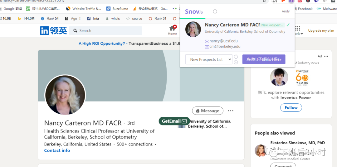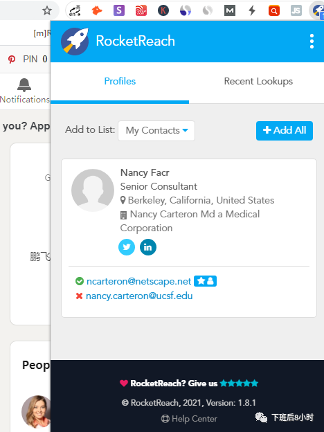 一般大的媒体编辑都会有自己的领英,我们先去搜到他们的领英账户,然后用上面的三个插件去找到邮箱,比如以下面这位非常有名的编辑为例,点击她下面的领英账号,也可以直接复制名字去领英搜一般大的都是可以搜到的,用了3个插件共导出来4个邮箱:
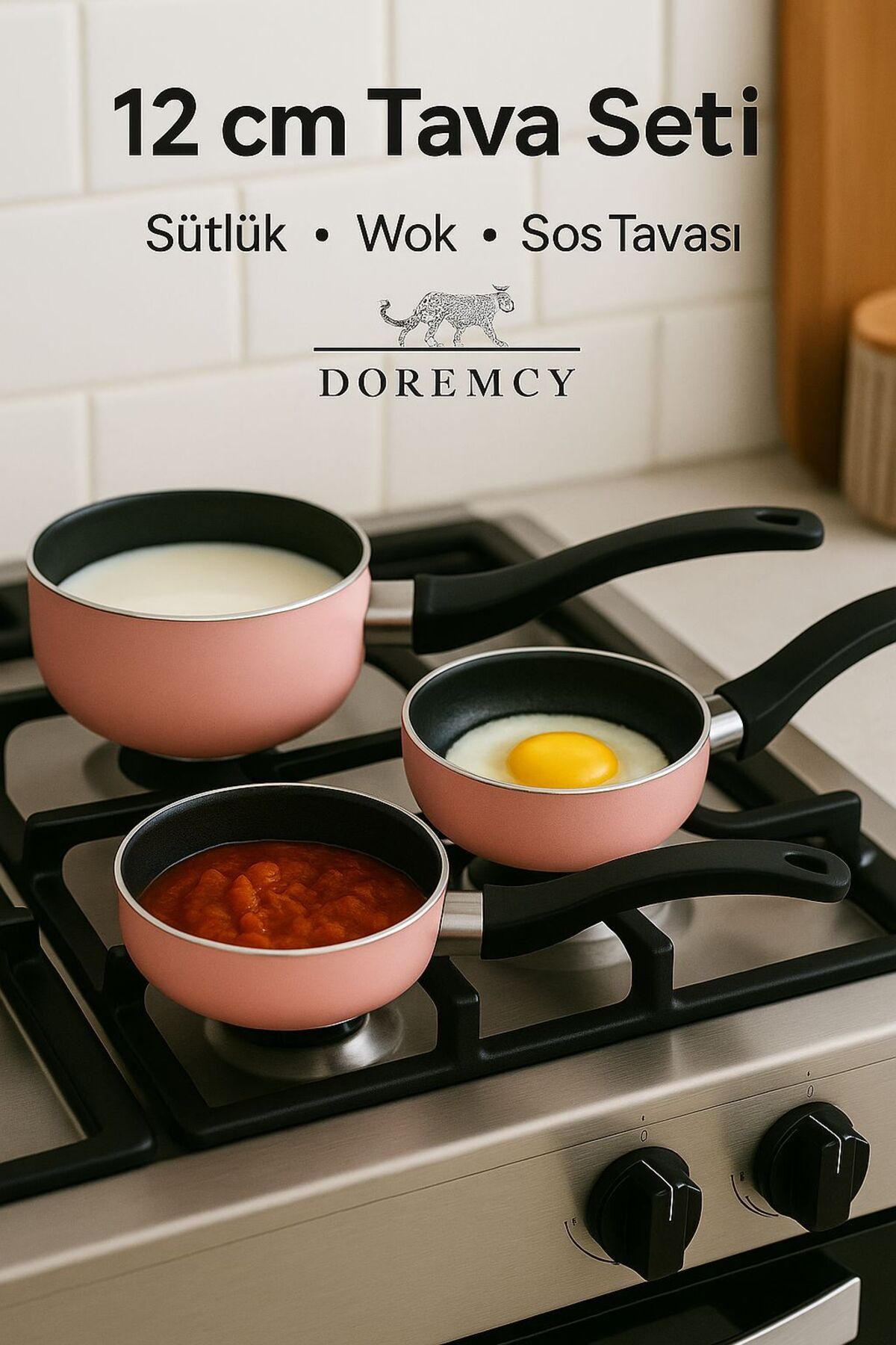 Doremcy 12 cm Mini Pan Set is a 3-piece mini pan set with teflon non-stick surface specially produced for those who are looking for practical and fast solutions in the kitchen.
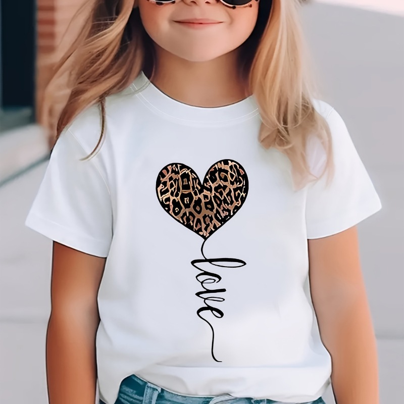 국경 간 대외 무역 INS 소녀 사랑 표범 패턴 소녀 라운드 넥 티셔츠 어린이 캐주얼 여름 원피스 1-8 년 동안 적합스토어 가기
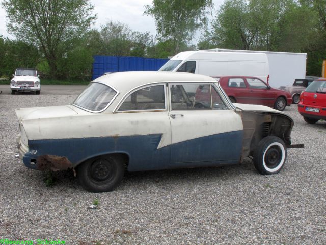 …wird durch einen Ford Taunus mit Weißbandreifen verteten.
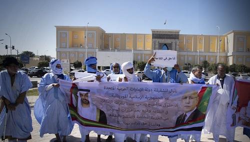 احتج صباح اليوم الإثنين عدد من عناصر الشرطة الموريتانيين المبتعثين للإمارات أمام القصر الرئاسي في نواكشوط للمطالبة بإنصافهم من قبل الحكومة الموريتانية ودولة الإمارات العربية المتحدة.
────────
> WORK INSTRUCTION: The lines to reproduce run from the line containing "국경 간 대외 무역 INS" through the last line of the records above, both included. Copy them exactly and drop the pictures.

> COMPLETED TASK:
 국경 간 대외 무역 INS 소녀 사랑 표범 패턴 소녀 라운드 넥 티셔츠 어린이 캐주얼 여름 원피스 1-8 년 동안 적합스토어 가기
 …wird durch einen Ford Taunus mit Weißbandreifen verteten.
 احتج صباح اليوم الإثنين عدد من عناصر الشرطة الموريتانيين المبتعثين للإمارات أمام القصر الرئاسي في نواكشوط للمطالبة بإنصافهم من قبل الحكومة الموريتانية ودولة الإمارات العربية المتحدة.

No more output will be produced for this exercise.